There was essentially a firewall between our two teams, because the API didn't scale well with NCCP initially, and this led to contention between the teams. The differences were in services, protocols, schemas, security modules, and developers often had to switch between completely different contexts.

Qcon conference. Mastering Chaos: A Netflix Guide to Microservices. Part 4

In this regard, I had a conversation with one of the senior engineers of the company, whom I asked the question: "What should be the right long-term architecture?" we integrate these things, and they will break what we are well trained to do? This approach is very relevant to Conway's law: "Organizations that design systems are constrained by designs that replicate the structure of communication in that organization." This is a very abstract definition, so I prefer a more specific one: "Any piece of software reflects the organizational structure that created it." Here's my favorite quote from Eric Raymond: "If you have four development teams working on a compiler, you end up with a four-pass compiler." Well, Netflix has a four-pass compiler and that's how we work.

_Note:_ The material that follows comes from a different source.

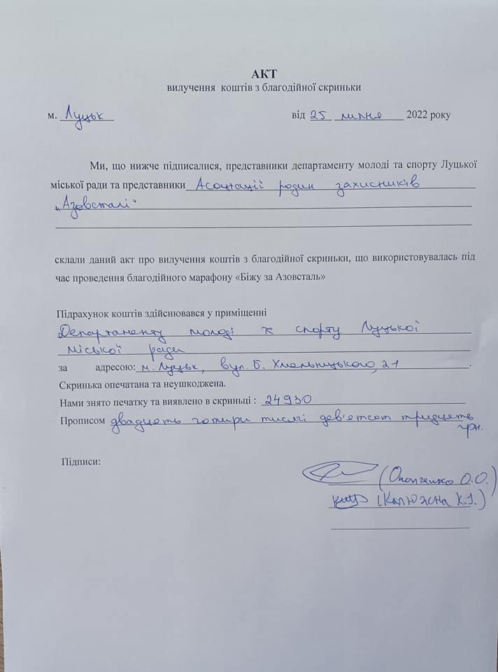 Також було здійснено вилучення коштів зі скриньки у присутності обох сторін. Завдяки учасникам заходу зібрано 24 930 грн. Кошти будуть передані Катериною в Асоціацію для подальших необхідних дій.

We can say that in this case the tail waves the dog. Our first place is not a solution, but an organization, it is she who is the driver of the architecture that we have. Gradually, we moved from a hodgepodge of services to an architecture that we called Blade Runner - “Blade Runner”, because here we are talking about edge services and the ability of NCCP to separate and integrate directly into the Zuul proxy, API gateway, and the corresponding functional “pieces” have been turned into new microservices with more advanced security features, replay, data sorting, etc.

Thus, it can be said that departmental structures and company dynamics play an important role in shaping the design of systems and are a factor facilitating or hindering change. The architecture of microservices is complex and organic, and its health is based on discipline and implemented chaos.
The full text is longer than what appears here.